Being a child of the 1950s, I learnt to read in a very different place from the world we live in now. Because of where my birthday fell, I was only four years and one month old when I started school, so I learned to read properly at an early age.

I found that I loved reading. I grew up in Devon, in a small village between moor and sea. It was a beautiful place to live, even so, I loved the way books took me to other worlds and allowed me to visualise them in my own way.

My first memory of reading anything more complicated than Janet and John (look them up) are of devouring Enid Blyton’s Famous Five adventures and The Chronicles of Narnia. It’s a long time ago but I can only have been about five or six years old at the time.



As I got older and better at reading, I progressed to H.G. Wells, Jules Verne and H. Rider Haggard. I used to get as many books from the library as I was allowed and read them by torchlight. I’m sure that my parents knew, they just pretended otherwise, because strangely, my torch never ran out of batteries!

There was a common theme in the types of books I read, they were all adventures; with secrets, treasure, heroes and villains. Together with my friends, they formed the basis of our games at school, and when we went exploring in the countryside at the weekends, we made up our own versions of them. We spent our time hiding from and spying on the bad guys, finding treasure and foiling all manner of dastardly plots.

I dare say that today, the way I was taught to read (by recognising whole words) would be seen as the wrong way to learn. Not only that, recently, the choice of reading material and authors that I was given has come to be viewed as unsuitable, if not downright offensive, in some quarters.
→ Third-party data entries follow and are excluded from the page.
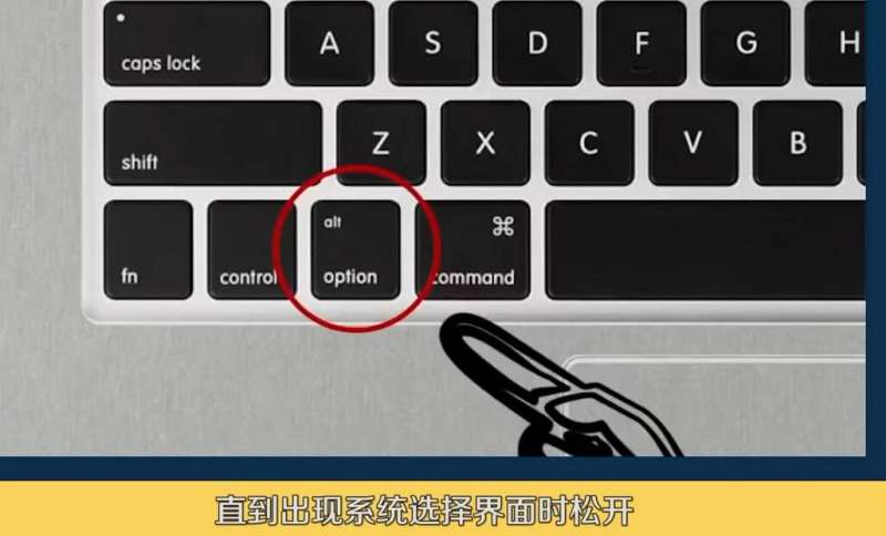 1、按住键盘alt(option)直到出现系统选择界面再松开。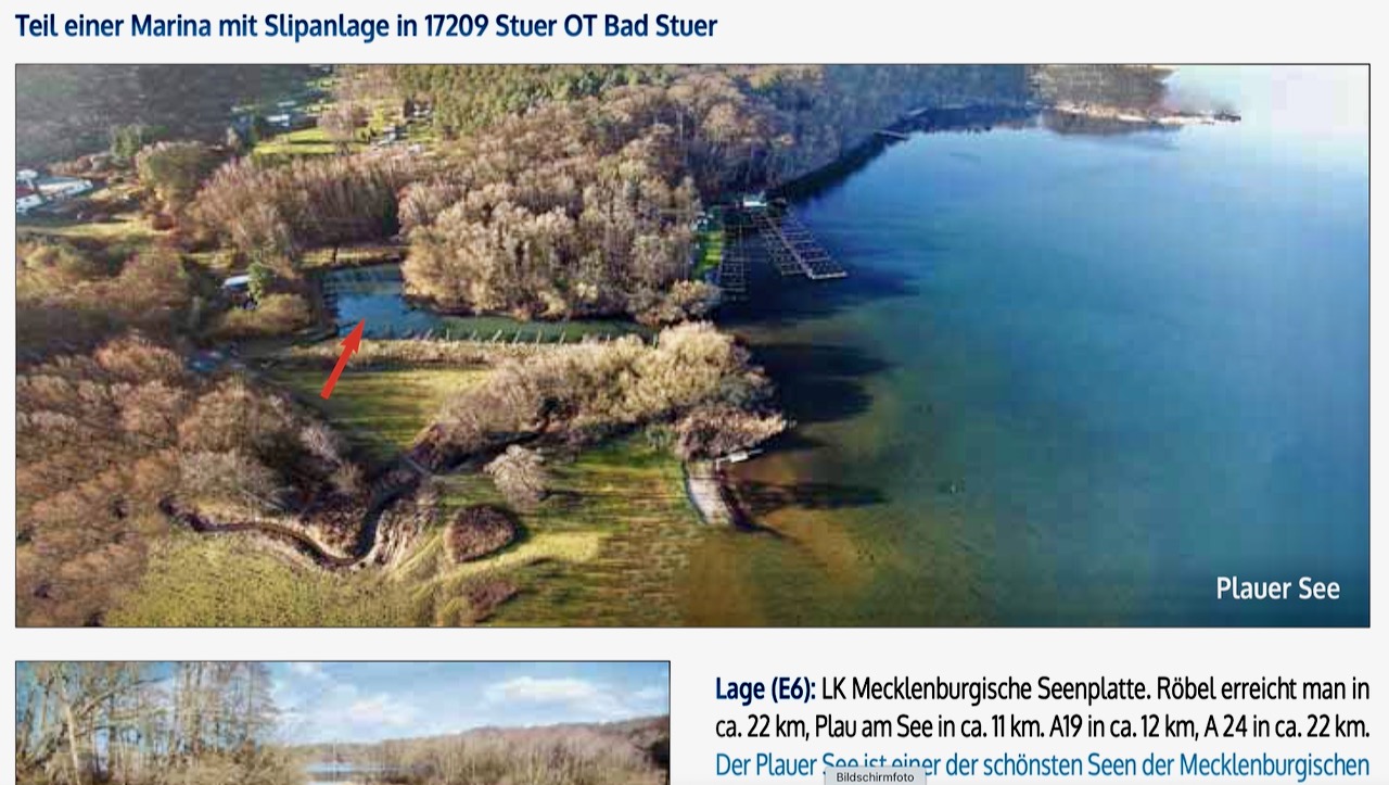 Wem das alles zuviel bürokratischer und Bauaufwand ist, der kann sich am 7. März auch gleich zu Beginn der Auktion um eine Hafenanlage am Plauer See mit bemühen. Dort gelten aber deutlich andere Voraussetzungen: So steht eine komplette Hafenanlage am südlichen See-Zipfel in Bad Stuer zur Auktion an. Dort beginnt die Versteigerung bei mindestens 198 000 Euro. An der See-Stelle sind eine Steganlage mit 27 Schwimmstegen und 54 Liegeplätzen genehmigt. Derzeit liegen 18 Schwimmstege dort aus. Auch eine 1000 Quadratmeter große Wiese gehört zum Portfolio.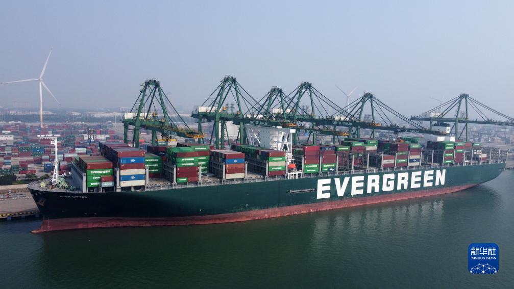 9月18日,一艘貨輪在天津港太平洋國際集裝箱碼頭進行裝卸作業(無人機照片)。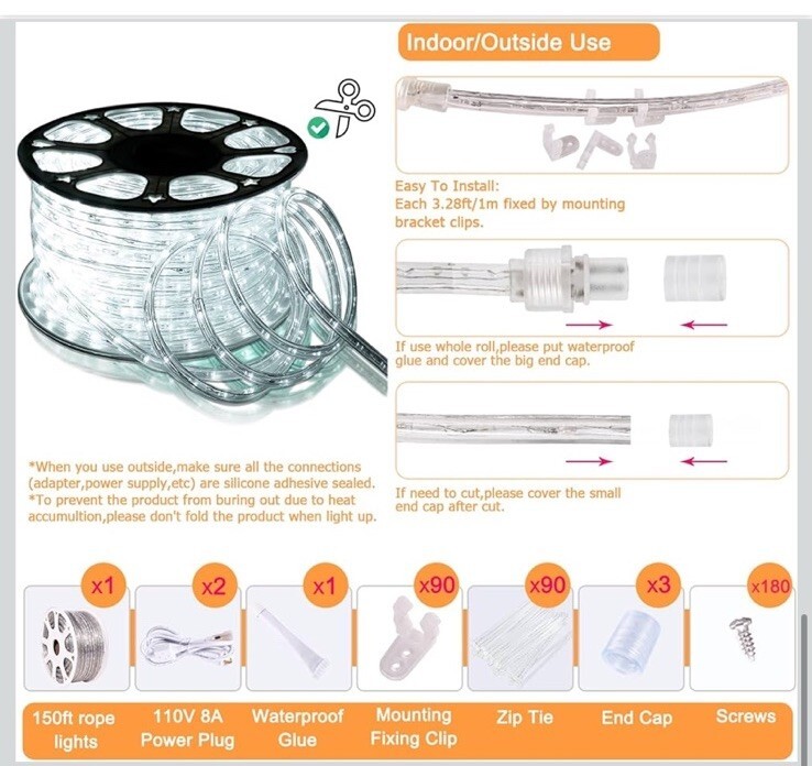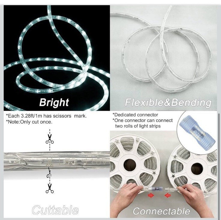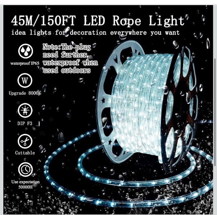 - Daylight White Thick LED Rope Light Accent Indoor Outdoor Dimmable 150 Feet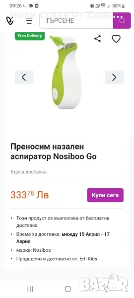 Преносим назален аспиратор Nosiboo GoПреносимият назален аспиратор Nosiboo Go е медицинско устройство, което отговаря на изискванията на FDA и е подходящо за домашна употреба. Благодарение на патентованата пластмасова глава без BPA и силиконовия връх, устройството не дразни носната лигавица.Nosiboo Go работи с най-новата технология (UPT), с постоянна, висока всмукателна мощност. Освен това, работи с добре познатата всмукателна система на Nosiboo, която напълно абсорбира носните секрети и предотвратява навлизането им в устройството.Всмукателната мощност на Nosiboo Go е определена от специалисти по УНГ, за да се предотврати нараняване при прекомерна или неправилна употреба.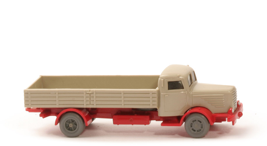 | Kabine Farbe und Pritsche | hellgelbgrau | | Blinker | mit | | Bemalung Scheinwerfer | silbern | | Bemalung Kennzeichen | ohne | | Positionsleuchten | mit | | Warndreieck | ohne | | Pritschenboden | grob strukturiert | | Pritschenrückseite | Struktur wie Seite | | Chassis | Version 4 | | Farbe Chassis | rot | | Vorderachshalterung | mit Steggravur | | Chassis hinter Hinterachse | geschlossen | | Bodenprägung Verteilergetriebe | WM | | hintere Achshalterung | offen | | Auspuff | zur Beifahrerseite | | Zughaken | ca. 4,5 mm lang, 1,5 mm stark | | Rücklichtstange Beifahrerseite | mit | | Bodenprägung hinten | ohne | | Reserverad | vorne unter Pritsche | | Bemalung Kennzeichen | ohne | | Rückleuchte | mit, unbemalt | | Plane | hier ohne | | Räder | Trilex mit Profil ca. basaltgrau |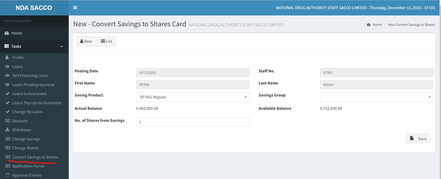 Select the saving product and enter the No. of Shares to buy from the Savings. Save the record and send it for approval.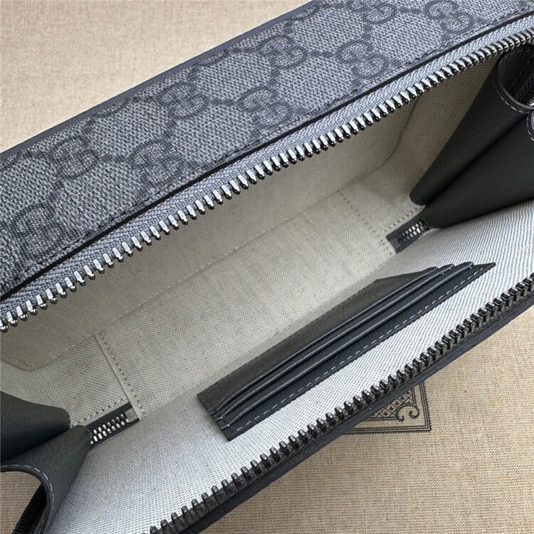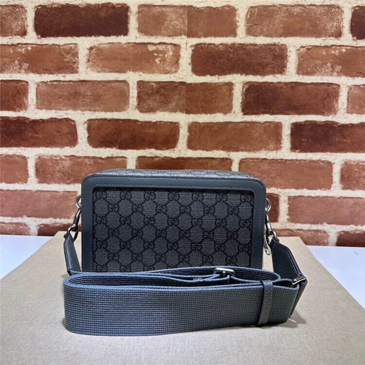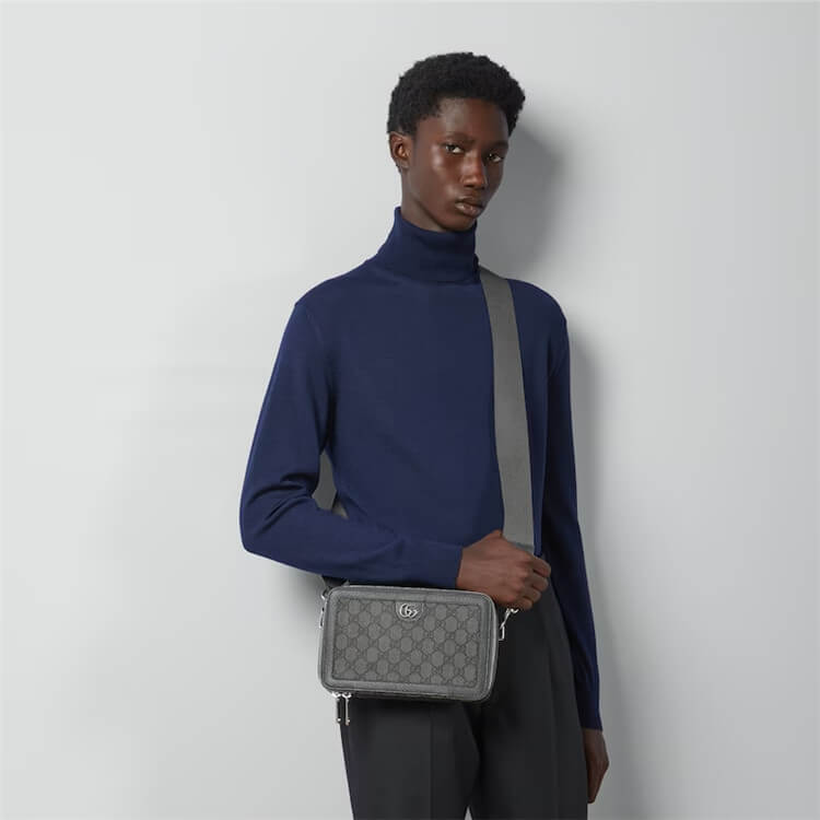 1:1 Mirror Quality Replica Gucci Ophidia GG Mini Bag Style:771174 2ZGMN 1244 Grey and black GG Supreme canvas Grey leather trim Palladium-toned hardware Moirè and cotton linen lining Double G Detachable canvas shoulder strap Zip closure W23cm x H14.5cm x D6cm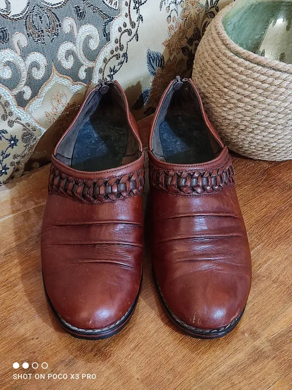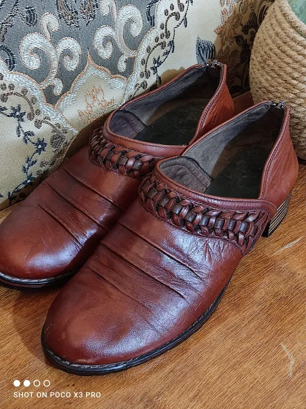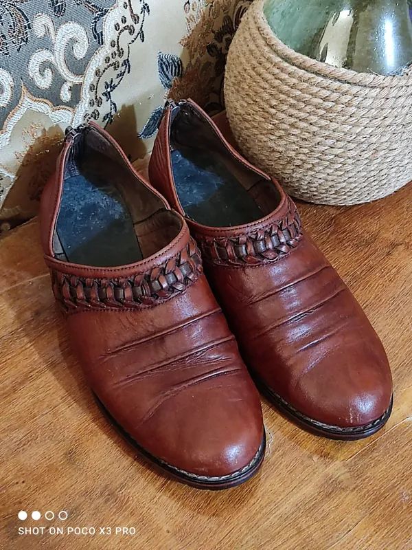 یک جفت کفشقدیمی تمام چرم کمیاب و کلکسیونی سایز 39 دقیق مطمان نیستم مردونه هست یا زنونه فکنم برای جفتش مناسب باشه کاملا دست دوز و کهنه یکار خاص و کلکسیونی بهترین و ضخیمترین چرم ساخته شده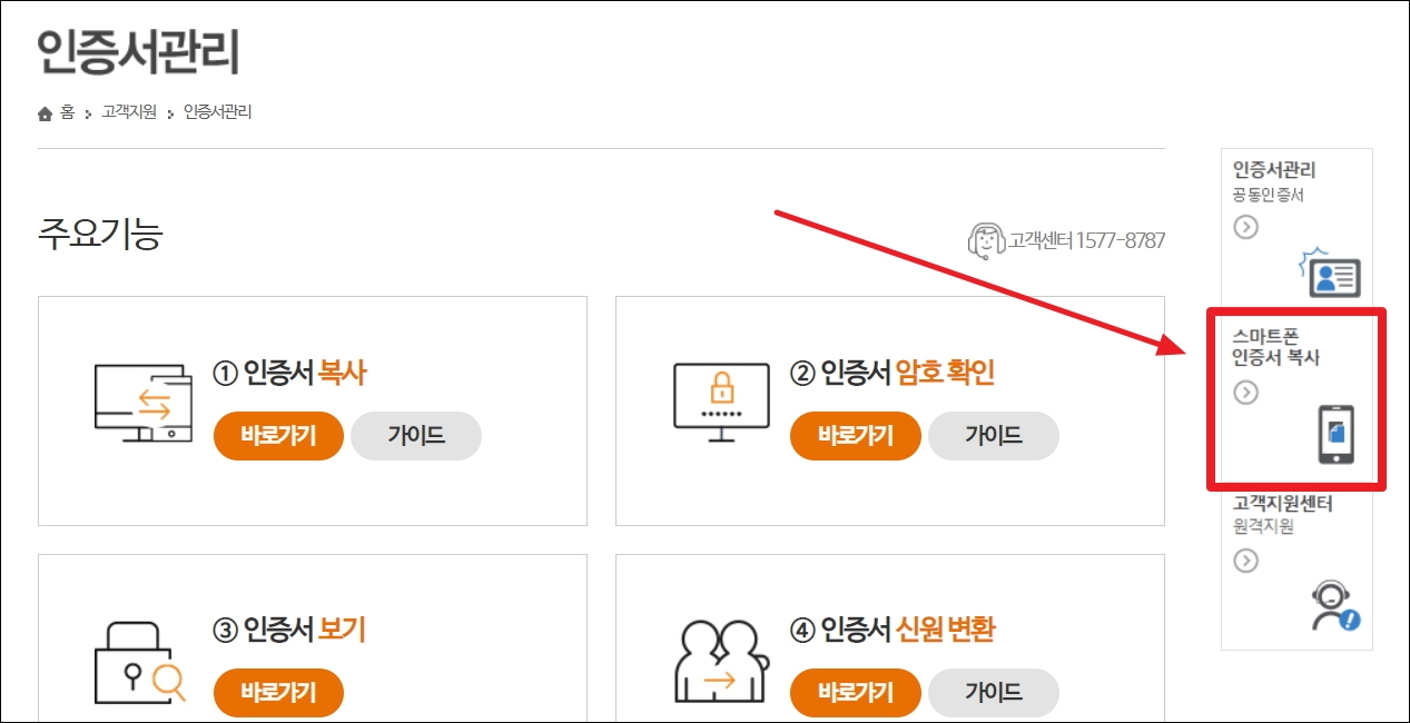 ▼지금까지 범용으로 사용할 수 있는 방법을 알려드렸습니다. 스마트폰에 들어 있는 공인인증서를 pc로 옮기고 싶을 때에는 한국정보인증 사이트 화면에서 우측에 있는 [스마트폰 인증서 복사] 서비스를 이용하면 됩니다.
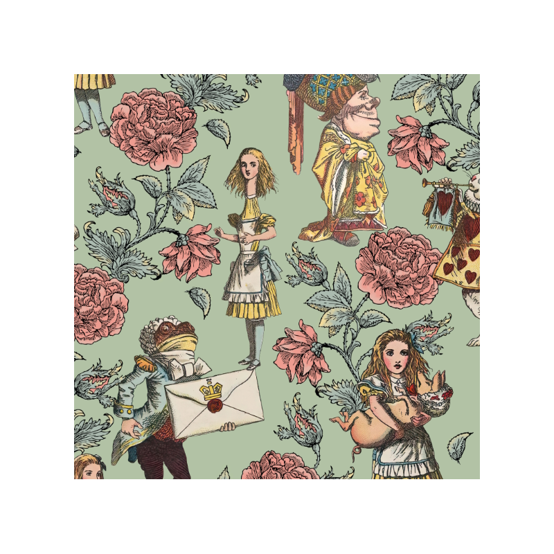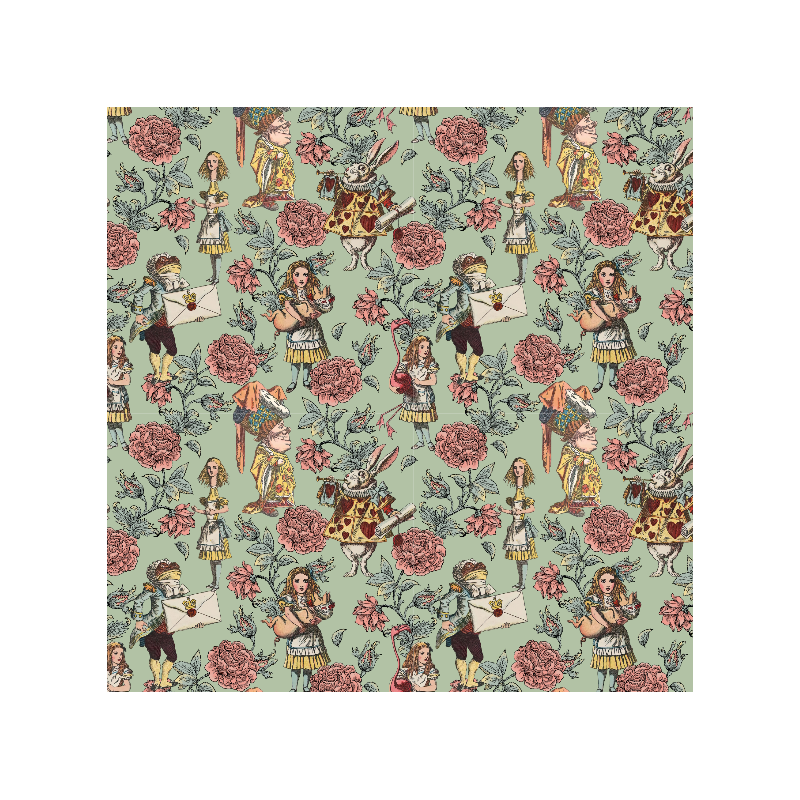 Wzór 43767 | Alicja w Krainie Czarów i Ogród Różany - Zielone Tło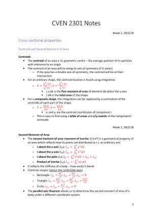 Notes cover all topics of the course in a week-by-week layout with detailed explanations, diagrams and formulae, taken from the textbook and tutorial problem sets Topics included: - Properties of Cross Sections - Concept of Stress - Concept of Strain - Mechanical Properties of Materials - Hooke's Law - Axial Force and Compatibility - Elastic/plastic/inelastic bending and Composite Sections - Beam deflections and Indeterminate Beams - Shear stress, flow and centre in beams - Torsion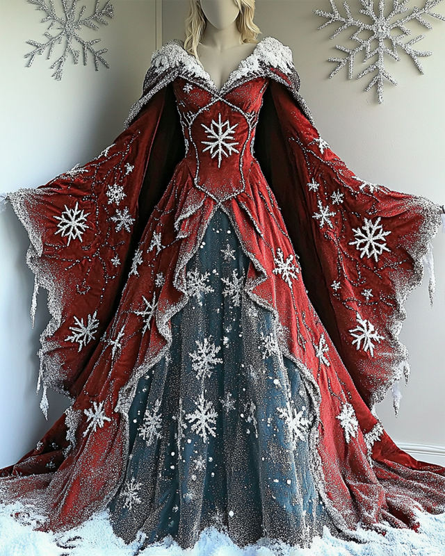 Women's Christmas-Themed Gradient Snowflake Beaded Embroidered Dress 1910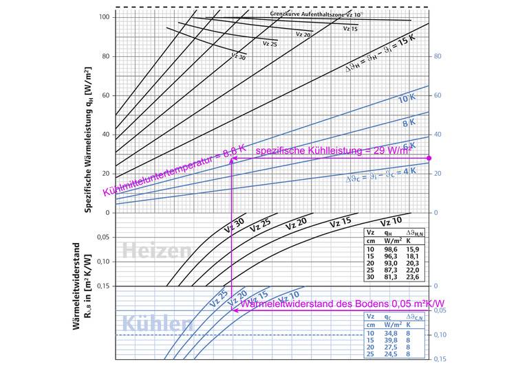 Und Hersteller von Systemen zur Flächenkühlung bieten abgespeckte, sehr leicht ablesbare Diagramme an, die wir als Beispiel hier präsentieren.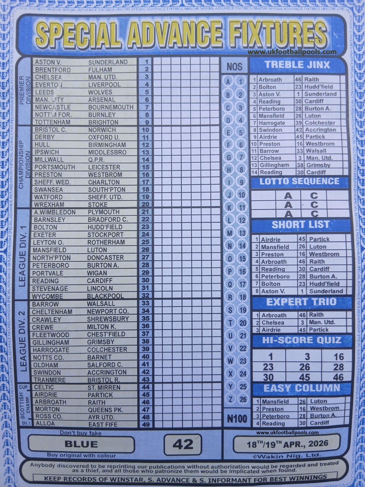 SPECIAL ADVANCE AND RIGHT ON FOOTBALL FIXTURES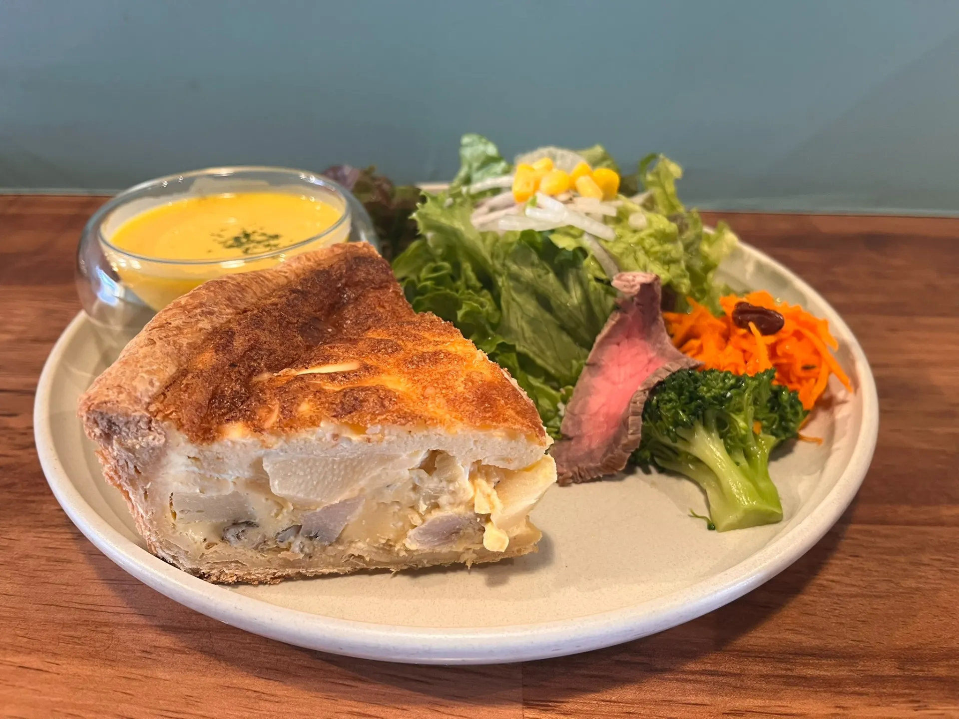新作キッシュ販売スタート! 2026/03/31 春の新作キッシュ販売スタート! ◎「キッシュ ハーブチキン&タケノコ」単品¥800 プレート¥1,350 ハーブでマリネしたチキンソテー。旬のタケノコのシャキッとした食感が相性抜群! 期間限定販売ですのでお早めに。。。 皆様のご来店を心よりお待ちしております。 NEWS

I can’t comment on that, I just enjoyed the stories and saw no deeper meaning than that conveyed by the words. At the time, they were not thought of as anything out of the ordinary and they awoke something in me, a desire to travel, for adventure and a life out of the ordinary, like most of the characters experienced.

Looking back at what I did with my life, I can see that they succeeded in that. It’s also likely that the ideas in them influenced my writing, even though it wasn’t to emerge for many years.

I like to think that I’ve paid their influence forward, in the way that my stories try to capture and encourage the same dreams and aspirations that were given to me.


Until next week.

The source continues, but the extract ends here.